Symptom: “Not logged in” or subscription errors during az or azd operations.

Terminal window
# Check (informational only — does NOT validate the token)
az account show --output table
# Mandatory — validate a real ARM token
az account get-access-token \
--resource https://management.azure.com/ --output none
# Recovery
az login --use-device-code
az account set --subscription "<subscription-id>"
Terminal window
# Check azd auth status
azd auth login --check-status
# Login (device code works reliably in devcontainers/Codespaces)
azd auth login --use-device-code
Terminal window
# az
az login --service-principal \
-u $AZURE_CLIENT_ID -p $AZURE_CLIENT_SECRET \
--tenant $AZURE_TENANT_ID
# azd
azd auth login \
--client-id "$AZURE_CLIENT_ID" \
--client-secret "$AZURE_CLIENT_SECRET" \
--tenant-id "$AZURE_TENANT_ID"

Symptom: npm run validate fails.

Causes:

  • Missing required H2 headings
  • Headings in wrong order
  • Using prohibited references

Check specific artifact:

Terminal window
# See validation rules
cat scripts/_lib/artifact-headings.mjs | grep -A20 "ARTIFACT_HEADINGS"
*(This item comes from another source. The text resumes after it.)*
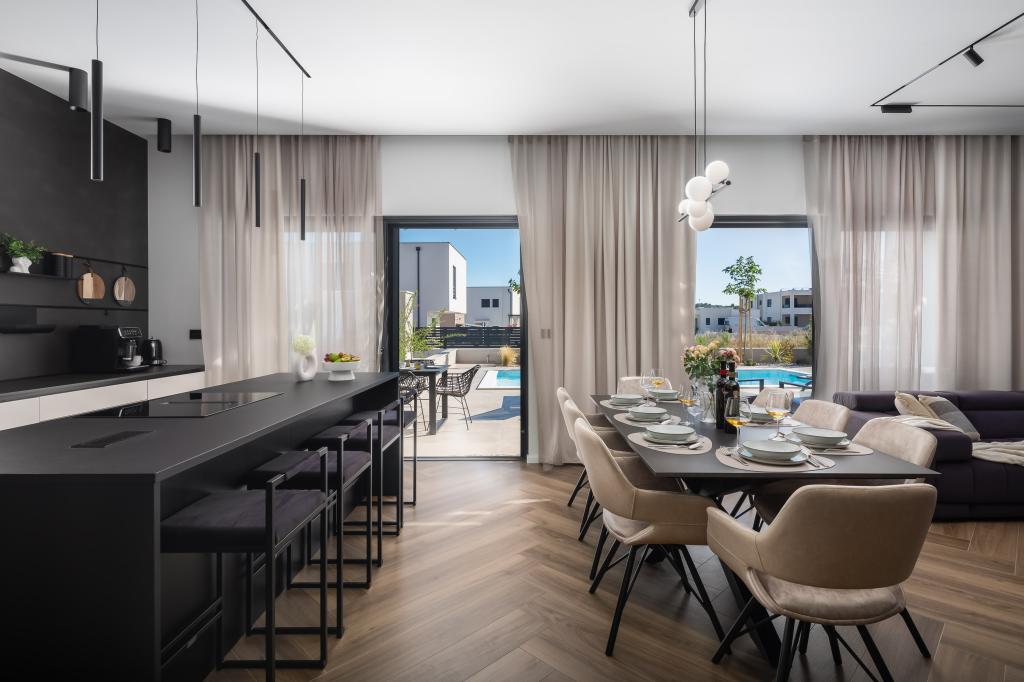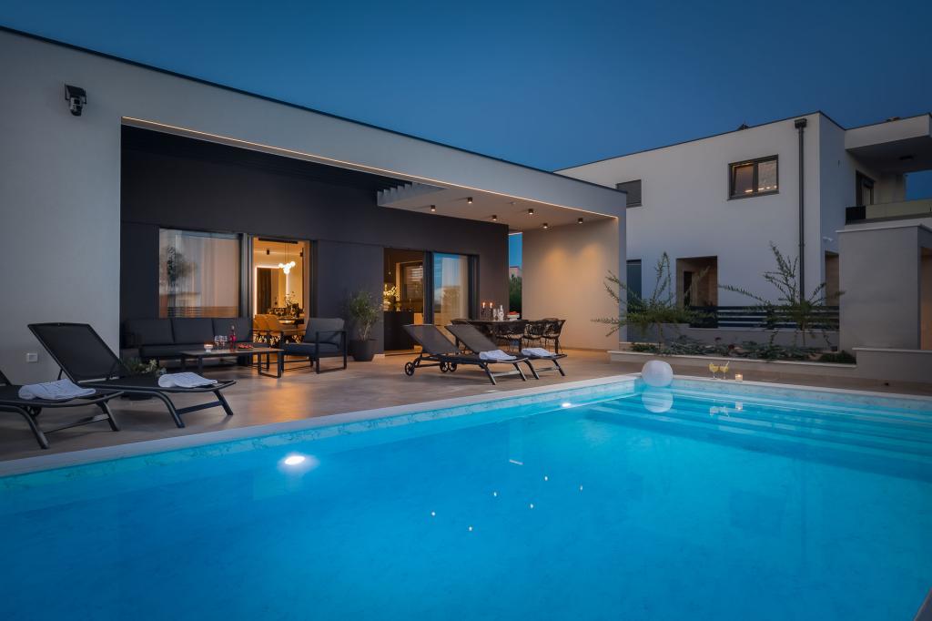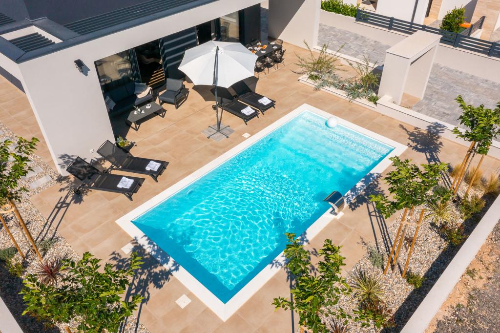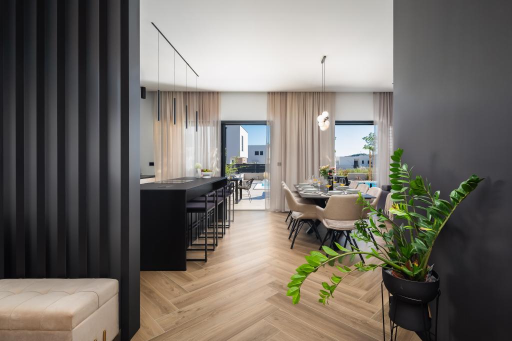Čudovito urejena moderna vila v Vodicah v mirni vasici, idealna za vaše počitnice. Hiša je enonadstropna, z odprtim prostorom velike kuhinje in prostorne dnevne sobe z udobnim kavčem. Vila ima 3 spalnice s kopalnicami. Sprostite se lahko na prostorni terasi ob bazenu in uživate v pripravljenih jedeh z žara. Vila je ograjena.

Fix order issues: Compare with template:

Terminal window
diff -u .github/skills/azure-artifacts/templates/01-requirements.template.md agent-output/{project}/01-requirements.md

Symptom: Azure Pricing MCP calls fail.

Solutions:

Terminal window
# Check MCP configuration
cat .vscode/mcp.json
# Verify Python environment
python3 --version # Should be 3.10+
# Install dependencies
cd tools/mcp-servers/azure-pricing && pip install -r requirements.txt

Symptom: Dev container won’t start.

Common causes:

  • Docker not running
  • Port conflicts
  • Outdated base image

Solutions:

Terminal window
# Rebuild without cache
# In VS Code: Ctrl+Shift+P → "Dev Containers: Rebuild Container Without Cache"

Check Docker is running:

Terminal window
docker ps

10. Orphaned VS Code Extensions Injecting Unwanted Instructions

Section titled “10. Orphaned VS Code Extensions Injecting Unwanted Instructions”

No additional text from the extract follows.